You’ve probably got a reasonable personal loan outstanding that helps you meet certain expenses. Interest rates are so low that more people are borrowing on personal credit than ever before. But you would be surprised by how much you can save on your personal loan by simply paying it back earlier or moving it to another provider.
Here are some of the easiest ways to cut back on your personal loan interest expense:
This first step is only for the financially disciplined. Paying back personal loans means you’ll have to cut back on spending and dip into your savings. Unless you’ve had a sudden windfall of cash, tightening the belt is usually pretty difficult for most people. But paying back an outstanding loan earlier than expected is always a good move. Make sure you take any early-payment fees into account. Also, make sure to leave at least a few months of expenses as emergency cash before paying off debts with the rest.
An easier way to reduce the interest rate on your personal loan is to switch to another lender. Refinancing is a quick and easy solution for borrowers willing to shop around. Keep an eye out for better deals and shorter repayment schedules offered by competing banks and big financial institutions. Keep a loan payment calculator handy to figure out if you’re getting a good deal from someone else.

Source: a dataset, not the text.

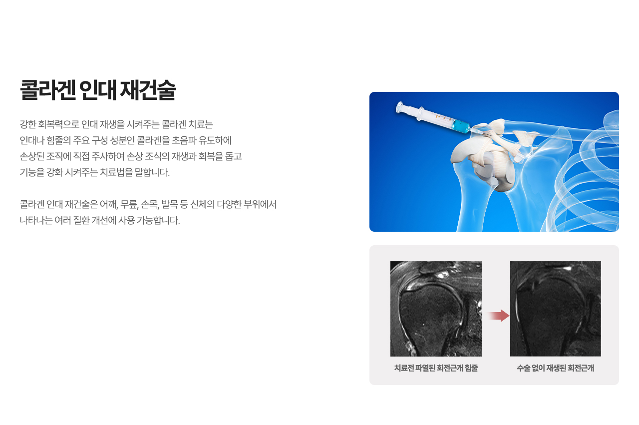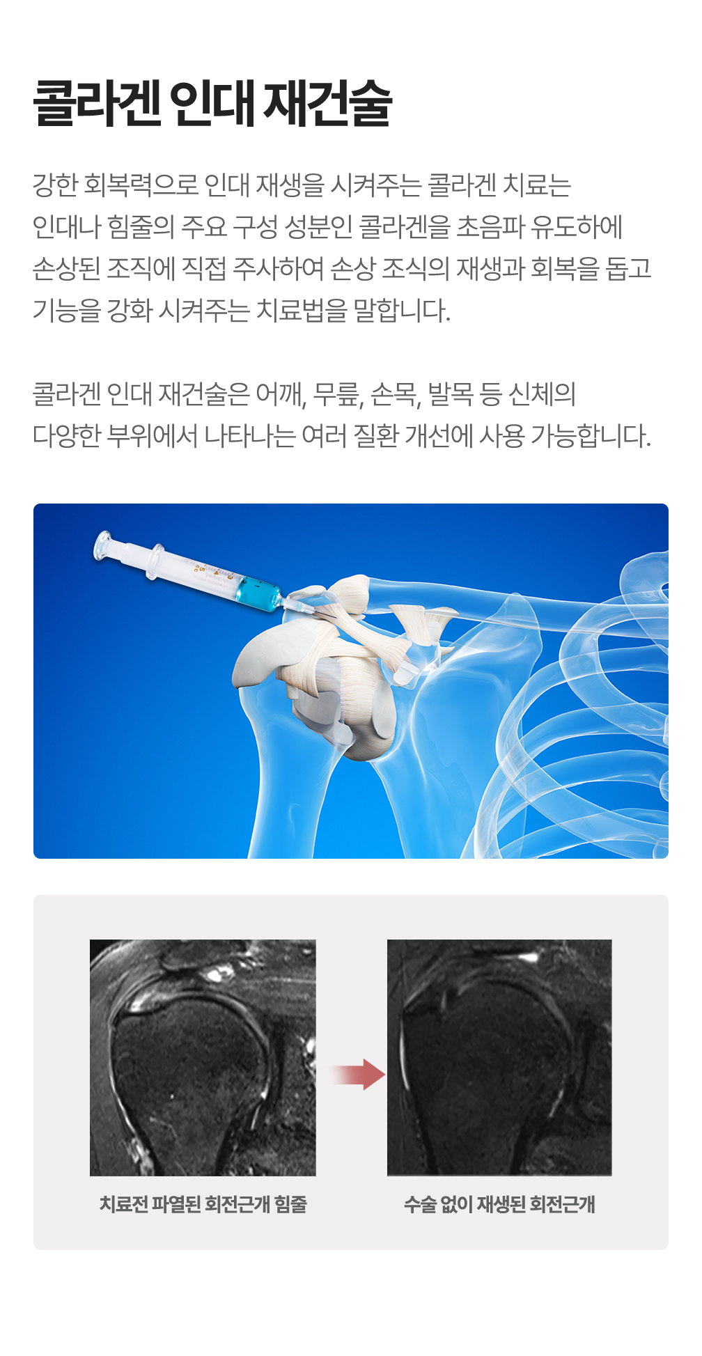 손상 부위의 인대, 근육, 힘줄 등에 조직 재생을

Consolidating your debt is, perhaps, the easiest way to bring down borrowing costs. It basically involves borrowing one large amount to pay back a number of small personal loans. Consolidated debt is easier to manage and usually comes with a lower effective rate of interest. However, it does take considerable planning to pull this off correctly. You need to take some advice on bringing your loans together under one umbrella.
Personal loans are a great way to meet small and miscellaneous expenses. They come with a fixed term, a fixed rate of interest, and are usually cheaper than credit cards because you’ve borrowed on a planned schedule. However, you need to do your research before you can take the plunge and reach out for a personal loan.
Keep an eye out for repayment fees that prevent you from getting out of debt earlier than expected. Also, don’t let the lender’s team convince you to go for payment insurance you don;t think you need. Stay away from loans that include pre-compute interest because they will make it tougher for you to climb out of debt later. Finally, compare the APR on the loan and make sure it includes the origination fee so you get a clear picture of how much you will be paying.
If you already have an outstanding personal loan, take the time to shop around and find yourself a better deal. Consolidating your debt, refinancing with a another loan, or paying back early could help you improve your credit score and reduce the cost of borrowing money.